• **WORK ITEM**:
Omit the pictures and print exactly the lines of the listing below, starting at the first and ending at the line containing "领学人王露同学从党的二十大精".

• **EXERCISE DATA**:
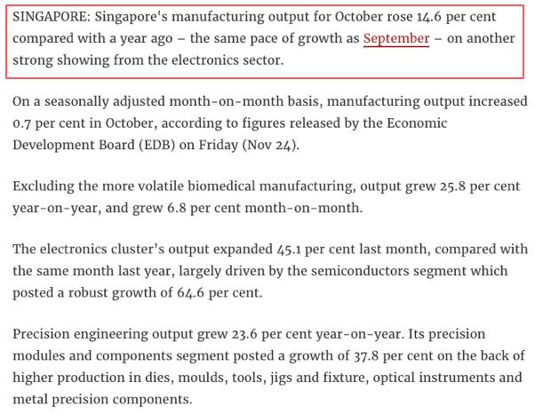 根据新加坡联合早报、The Business Times 和 Channel NewsAsia 报道:在强劲电子业的带动下,新加坡制造业产值连续15个月上扬,10月份同比增长14.6%。
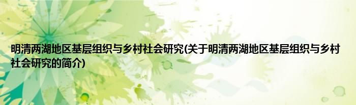 本文关于明清两湖地区基层组织与乡村社会研究的简介就讲解完毕,希望对大家有所帮助。
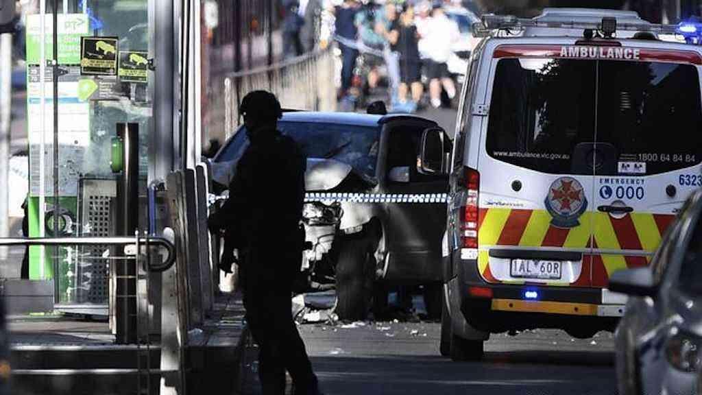 Um SUV branco atropelou vários pedestres numa movimentada rua perto da estação de trem Flinders Street, no centro comercial da cidade, no meio da tarde.
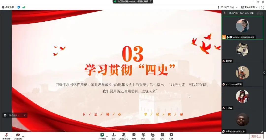 领学人王露同学从党的二十大精神入手,依次介绍了中国共产党的中心任务、五个“坚持”、三个务必、三件大事。并从学习贯彻四史切入,以传承龙江优秀精神为总结,向大家阐明了学习四史的意义。她强调青年强,则国家强,当代中国青年生逢其时,施展才干的舞台无比广阔,实现梦想的前景无比光明。广大青年要坚定不移听党话、跟党走,怀抱梦想又脚踏实地,敢想敢为又善作善成。最后,王露同学呼吁我们要传承和弘扬新时代黑龙江优秀精神,在现代化国家建设中担起更大责任,展现更大作为。
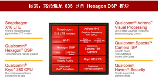 我们认为“soc ip”模式有望成为主流。当深度神经网络加速功能做成 ip 时,它就成为 soc 的一个模块,当 soc 需要做深度学习相关运算时就交给该模块去做。因此对于深度学习加速领域的企业,能够更为灵活、更小投入地对深度学习加速产品进行开发和升级。近期发布的高通骁龙 835 与海思麒麟 970 均采用了这一模式。
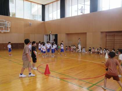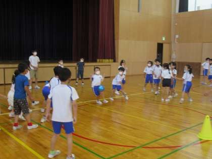 1年生は、2年生とドッジボールの試合を行いました。各クラス代表10名を決め、ボールを投げたり、逃げたりしながら楽しく企画に参加しました。ドッジボールの試合に出場していない子供たちも応援をしながら一緒に盛り上がりました。
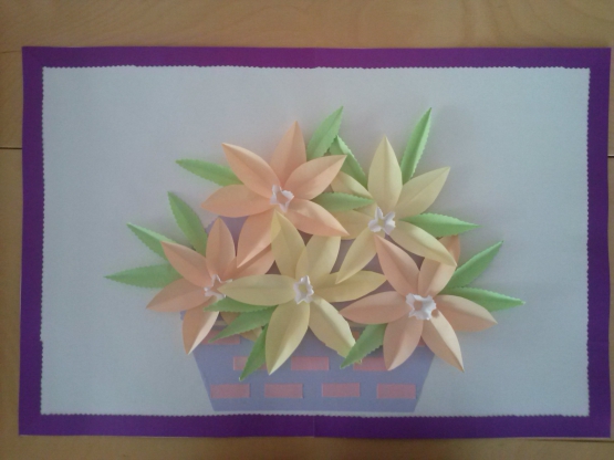 В нашем саду все группы, соответственного возраста, работают по еженедельной тематике. Одна из таких недель у нас прошла по темой: "Весна". Всю неделю мы с детьми говорили о весне, играли в настольные и подвижные игры отражающие данную тематику, лепили воробьев, а вот на аппликации мы делали "Красивые цветы". Предлагаю вашему вниманию, может наша идея кому-то понравится и пригодится. Один цветок сделан для образца, остальные лепестки дети вырезали сами по отчерченному контуру; где-то я им помогала. Приклеивали сами, а листики вырезала сама специальными ножницами, дети пробовали, но не смогли, сложно еще. А догадайтесь, что-за цветы?
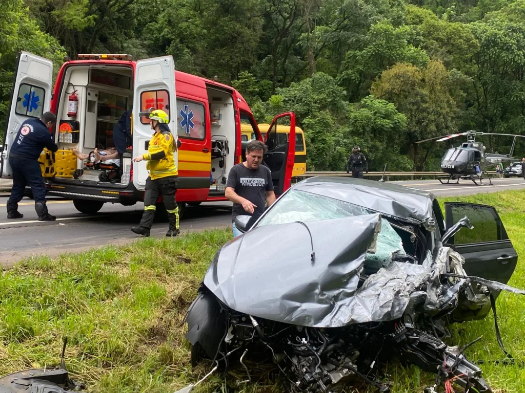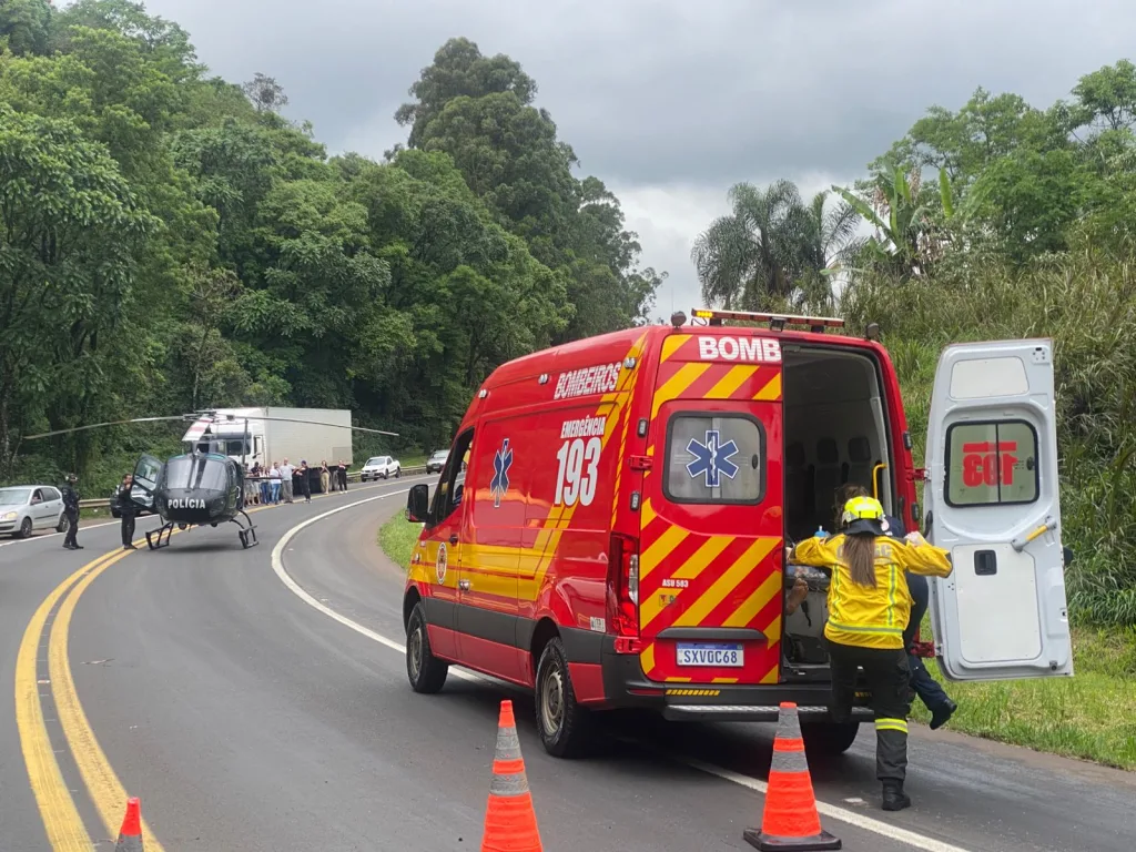 De acordo com informações, foi uma colisão frontal entre um automóvel e um caminhão. Equipes do Corpo de Bombeiros já realizavam o atendimento no local quando a equipe aeromédica chegou.
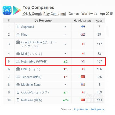 넷마블은 국내 게임사 중 유일하게 10위권 내 이름을 올렸으며, 구글플레이 기록으로는 핀란드 회사 수퍼셀에 이어 전세계 매출 2위를 기록했다.
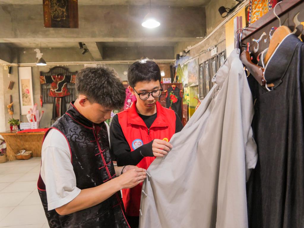 在蒋玲均、张玉梅、李绅源等老师的指导下,实践团进行了旗袍尺寸勾画、剪裁等实践操作;并且,男生穿上中式男装,女生穿着旗袍,实践团真真在在的感受了传统服饰的魅力,非遗的底蕴。
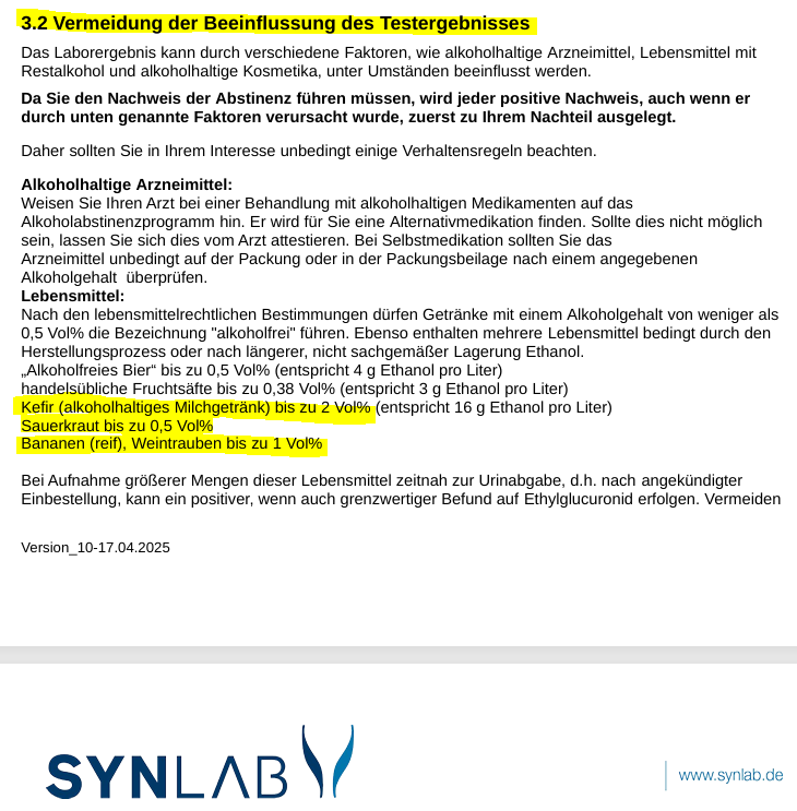 Beim Durchlesen der Unterlagen von Synlab steht, dass auch eine reife Banane zu falschen Ergebnissen führen kann.

• **RESPONSE FOR THIS EXERCISE**:
 根据新加坡联合早报、The Business Times 和 Channel NewsAsia 报道:在强劲电子业的带动下,新加坡制造业产值连续15个月上扬,10月份同比增长14.6%。
 本文关于明清两湖地区基层组织与乡村社会研究的简介就讲解完毕,希望对大家有所帮助。
 Um SUV branco atropelou vários pedestres numa movimentada rua perto da estação de trem Flinders Street, no centro comercial da cidade, no meio da tarde.
 领学人王露同学从党的二十大精神入手,依次介绍了中国共产党的中心任务、五个“坚持”、三个务必、三件大事。并从学习贯彻四史切入,以传承龙江优秀精神为总结,向大家阐明了学习四史的意义。她强调青年强,则国家强,当代中国青年生逢其时,施展才干的舞台无比广阔,实现梦想的前景无比光明。广大青年要坚定不移听党话、跟党走,怀抱梦想又脚踏实地,敢想敢为又善作善成。最后,王露同学呼吁我们要传承和弘扬新时代黑龙江优秀精神,在现代化国家建设中担起更大责任,展现更大作为。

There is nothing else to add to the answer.